International Astronomical Union

That's the way it seems after a day of tumultuous discussions at the general assembly of the International Astronomical Union (IAU) in Prague, Czech Republic. As hundreds of astronomers filed into the first of two sessions devoted to the debate today, they were handed copies of a new definition that addressed some of the key problems with the original one proposed last week by a committee of seven distinguished astronomers, historians, and writers. In particular, it incorporated some elements of an alternative definition put forward by planetary scientists last Friday.

But after an hour of sometimes heated discussion, a straw poll indicated little support for the revised wording. So the IAU's planet-definition committee, led by Harvard astronomer-historian Owen Gingerich, spent the afternoon making further changes. When they presented a new draft during a second discussion session late in the day, signs of a consensus began to emerge, even as astronomers continued to wrangle over various fine points in the text.

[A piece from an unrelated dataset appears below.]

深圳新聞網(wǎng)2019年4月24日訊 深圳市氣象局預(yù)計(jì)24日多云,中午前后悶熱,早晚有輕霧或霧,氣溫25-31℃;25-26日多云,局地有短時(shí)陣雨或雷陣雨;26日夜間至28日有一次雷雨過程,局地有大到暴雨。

The key provision of the twice-revised definition reads as follows: "A planet is a celestial body that (a) has sufficient mass for its self-gravity to overcome rigid-body forces so that it assumes a hydrostatic-equilibrium (nearly round) shape, and (b) is the dominant object in its local population zone, and (c) is in orbit around the Sun." (For now astronomers are trying to define what "planet" means only in our own solar system, avoiding the complication of planets around other stars or, worse, floating in free space.)

Whereas last week's wording proposed a class of Pluto-like planets called "plutons" in highly elongated, tilted, 200-plus-year orbits, the new wording instead defines a class of hyphenated "dwarf-planets" that meet criteria a and c above, but not b. This class includes Pluto, the slightly larger object provisionally known as 2003 UB313, and probably several other icy bodies in the Kuiper Belt beyond Neptune. It also includes Ceres, the biggest of the rocky asteroids circling the Sun between the orbits of Mars and Jupiter.

Gingerich and his team backed off the term "pluton" for two reasons: geologists already use that word to refer to a certain type of igneous inclusion, and in French and several other languages Pluton is the name for Pluto itself. Somewhat confusingly, "plutons" were meant to be a special class of planets, whereas "dwarf-planets" are meant to be objects that share some of the characteristics of planets but are not to be mentioned in the same breath as Mercury, Venus, Earth, Mars, Jupiter, Saturn, Uranus, and Neptune.

"I think that today will go down as 'the day we lost Pluto,'" wrote astronomer Jay Pasachoff (Williams College, Massachusetts) in an e-mail message sent from Prague. "Sentiment seemed strongly against retaining Pluto [as a planet] for historical or sentimental reasons."

The wording of the proposed definition will no doubt continue to be refined over the next two days. Then, on Thursday afternoon, it will be put to a vote among the assembled members of the IAU, at which point we'll either know what a planet is or have to steel ourselves for three more years of debate — the next IAU general assembly convenes in August 2009 in Brazil.